Whaattttt? A personal trainer sounds awesome. It would be nice to have some knowledgable input on how to regain good posture and strength, but a scale? How is that necessary?
That first kid can be a really rough go. There is so much to adjust to, and it can take a while to find your footing and feel competent again.
Kathy Benitez says
A personal trainer and someone to play with your baby so they don’t sit on your face, right?
Abby Glassenberg says
A beautiful post. It’s easy to treat yourself shabbily because you’re waiting to get back to your old body. Instead we should embrace our current body for its beauty and health just as it is and treat it well.
This is so wise and beautifully written. My baby girl is three weeks old today and I’ve been focusing a lot on bouncing back into normal life and so your closing words and photo really resonated with me, thank you.
Casey Maura says
I love this perspective so much! I started to realize much of this after I had my son this past December–and wish I had known these things when I had my daughter four years ago.
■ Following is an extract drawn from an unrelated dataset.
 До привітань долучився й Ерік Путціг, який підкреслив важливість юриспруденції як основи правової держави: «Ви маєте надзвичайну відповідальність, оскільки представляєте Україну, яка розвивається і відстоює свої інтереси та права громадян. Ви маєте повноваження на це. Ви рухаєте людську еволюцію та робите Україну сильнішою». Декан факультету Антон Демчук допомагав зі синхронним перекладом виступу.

I spent so much time depressed about how life
(or my body) wasn’t going in the direction I wanted, that I wasted a lot of time. I love the idea of “growing forward” rather than bouncing back–it seems a lot more gentle and less unrealistic. I’ve been sewing/creating a lot more for myself since I had my second child, and I’m hoping it means I’ve come to a better place of peace with myself postpartum! 🙂
I love every word of this and if I had read it before I wrote my own, I probably just would’ve deleted my words and linked to yours, haha! I love the sentiment and it is beautifully written.
No! The more it is said and in more different ways, the more people will be encouraged. I’m glad you wrote your post too!
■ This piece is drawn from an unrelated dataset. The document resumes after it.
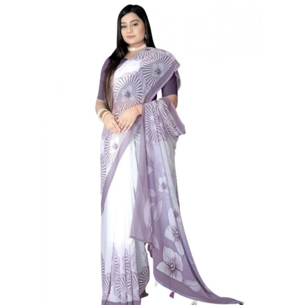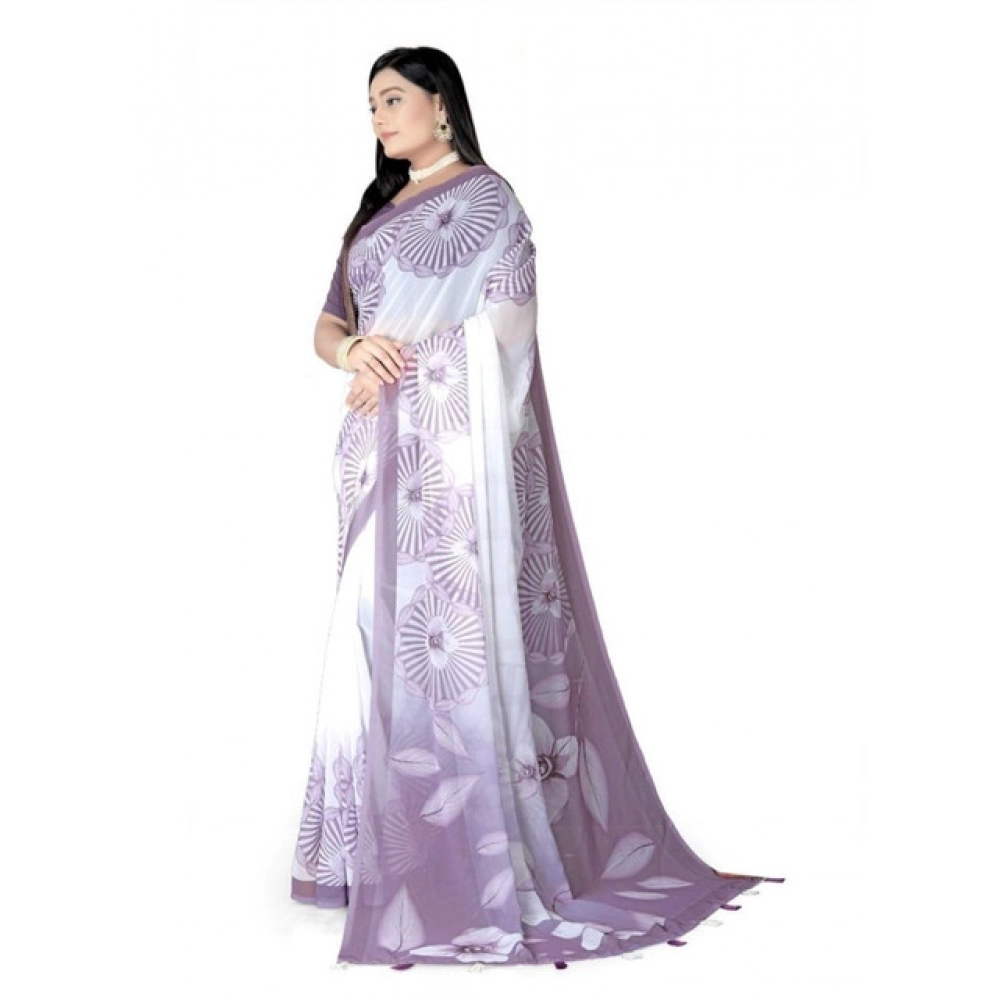 Women’s Georgette Floral Printed Saree With Unstitched Blouse 5.5Mtr

What a beautiful and thoughtful post! Embracing the body and life we have right now is so important. Love this message!
This is from your mom, and is so beautiful, I wished you were my friend when I was having you and your sibs. I did have a wonderful Wednesday mother’s bible study, where a blessed lady played with babies in the basement playroom, and truly holy woman led us in a bible study (usually a canned version) in the living room. It was a moment, once a week, of shared learning, and a lot of prayer support.
A mom of 9, told me she dreamed once that she would run a prayer spa, and bring new mom’s into it and play soft sweet music, and pack them in sand hot sand with aromatherapy, have a masseuse and chef. Of course there would be oodles of nannies and the babies would be brought out, changed and bathed, for nursing in a comfy soft chair.
The best thing ever was we actually did it for just one first time mom who had a very rough pregnancy and tough birth and touch and go with her little one. When she was on her own and recovering but still not sleeping much, we spent the day, two hours a piece, four of us at a time, making a friend’s home a spa, and playing her favorite music and giving her mani/ped and spoiling her. It was only one time, but it made me understand how much we need to live with other people in our lives, just loving each other through the tough times. It is harder and harder to do this. Together we gave her a 12 hour day spa. Thanks to a professional in the group, she even had a new easy care hairdo.
If anyone ever wants to love you, let them. Women have always had tough times, but they used to understand that is was okay to be rescued. We need to care for each other. They used to call it confinement and come to the mom. Remembering this is good for me years later, because this youngster (who is fifty now) let it happen. She gave me the gift of letting me give her just little things for a little bit of time. Treats and pink toenails, and vigilant child care. And it is still blessing me.